Sebelumnya DPR heboh dan mempertanyakan mengapa Mendagri Tjahjo Kumolo tidak menahan Ahok yang sudah berstatus sebagai tersangka kasus penistaan agama. Dia mengaku kecewa karena tidak jarang hak angket kandas di tingkat paripurna dan kadang-kadang di tingkat pimpinan.

“Jadi kalau mau hak angket hak angket saja,” ujar politisi PDIP yang namanya juga tersangkut kasus kartu identitas tersebut.

Namun demikian, dia tetap menyarankan agar proses hukum yang sedang berjalan di Pengadilan Tipikor didukung, agar surat dakwaan Komisi Pemberantasan Korupsi (KPK) terhadap terdakwa Irman dan Sugiharto, yang menyebutkan sejumlah nama anggota DPR menerima aliran dana KTP-E, terungkap kebenarannya.

Sebanyak 26 anggota DPR masuk dalam dakwaan kasus dugaan korupsi E-KTP dan sebagian besar berasal dari Komisi II dan Badan Anggaran DPR periode 2009-2014.
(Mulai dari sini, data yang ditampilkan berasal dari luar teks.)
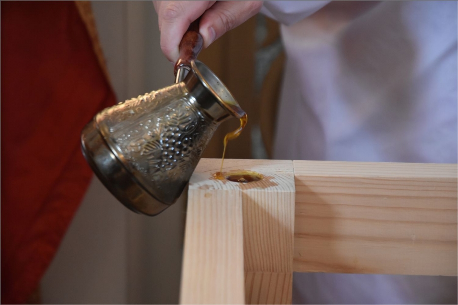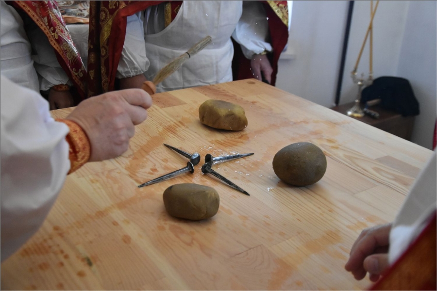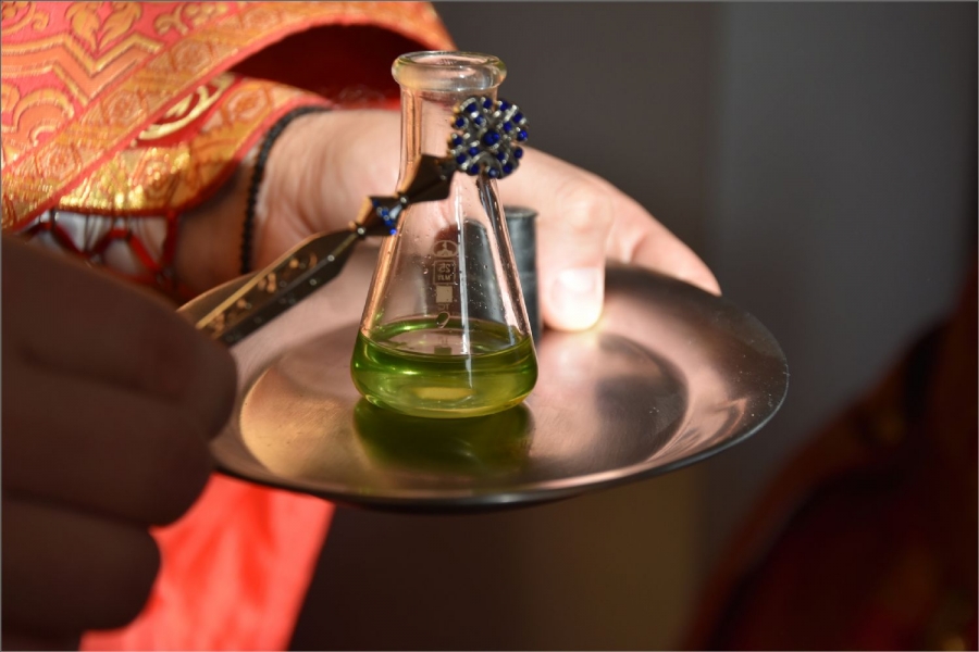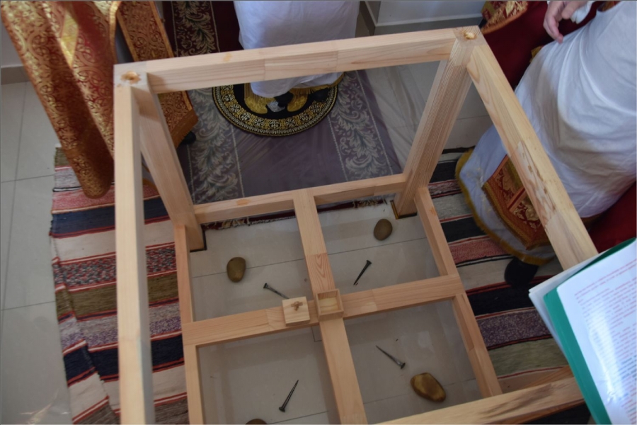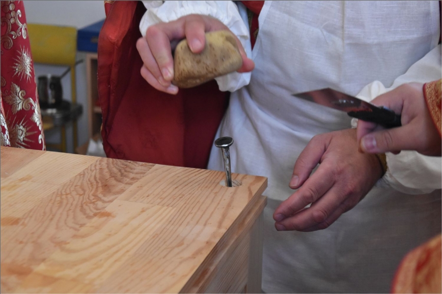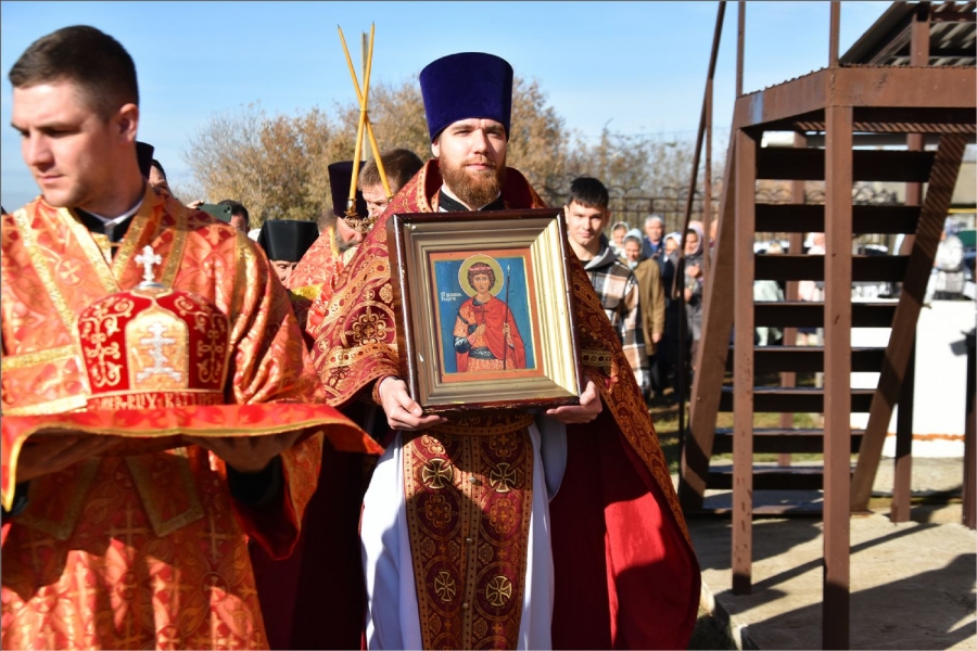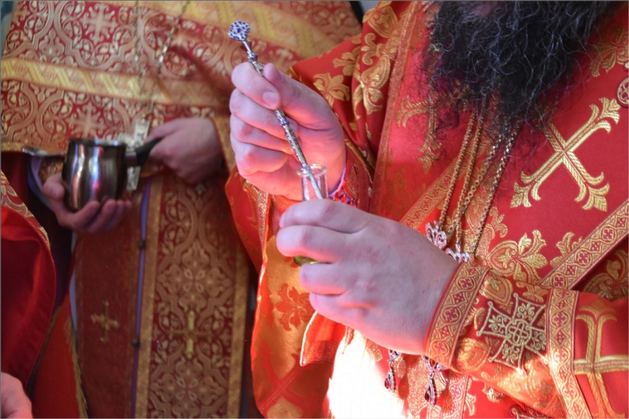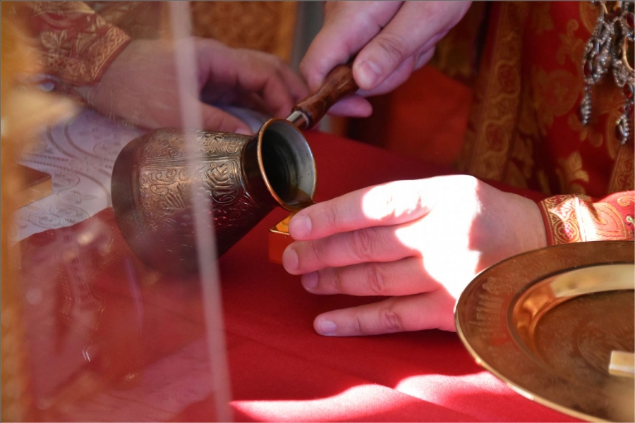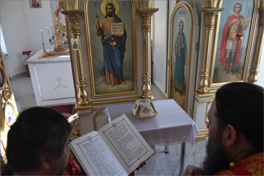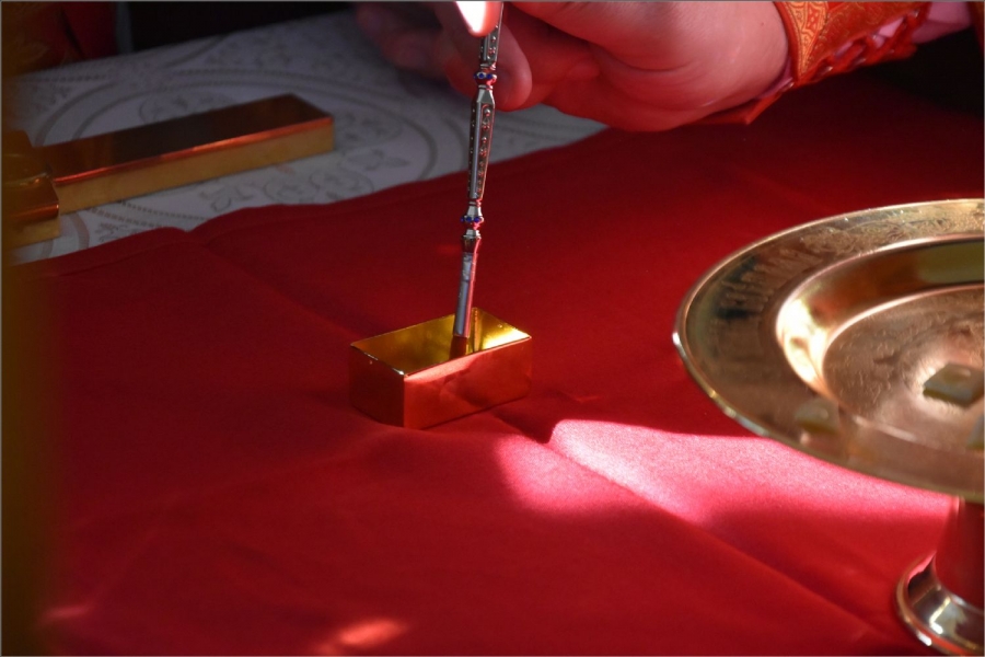 Вокруг храма был совершен крестный ход со святыми мощами, которые затем были положены под престол и в антиминс освященного храма.

Berbeda dari Arief, Wakil Ketua Umum Partai Demokrat Syarif Hasan menolak hak angket kasus dugaan korupsi E-KTP yang diusulkan Wakil Ketua DPR Fahri Hamzah. Menurut Syarief kasus ini harus diselesaikan secara hukum.

“Saya pikir biarkan saja penegak hukum menjalankan tugas-tugasnya. Karena E-KTP kan sedang digarap KPK, dan sudah maju ke pengadilan,” kata Syarif.

Anggota Komisi I DPR tersebut menegaskan, jangan setiap permasalahan besar selalu ditanggapi dengan hak angket, namun harus dilihat terlebih dahulu subtansinya secara rinci.

Sependapat dengan Arief, Syarif mengakui hak angket Ahok Gate saja hingga sekarang tidak optimal, lantaran tidak mendapat dukungan dari beberapa fraksi.

Syarief juga sependapat dengan Ketua Fraksi PKB DPR Ida Fauziah yang menilai lebih baik pendekatan hukum dilakukan ketimbang buru-buru menggunakan hak angket.

Menurutnya, selagi masih ada alternatif lain selain hak angket sebaiknya alternatif itu digunakan seperti proses hukum oleh KPK yang tengah berlangsung.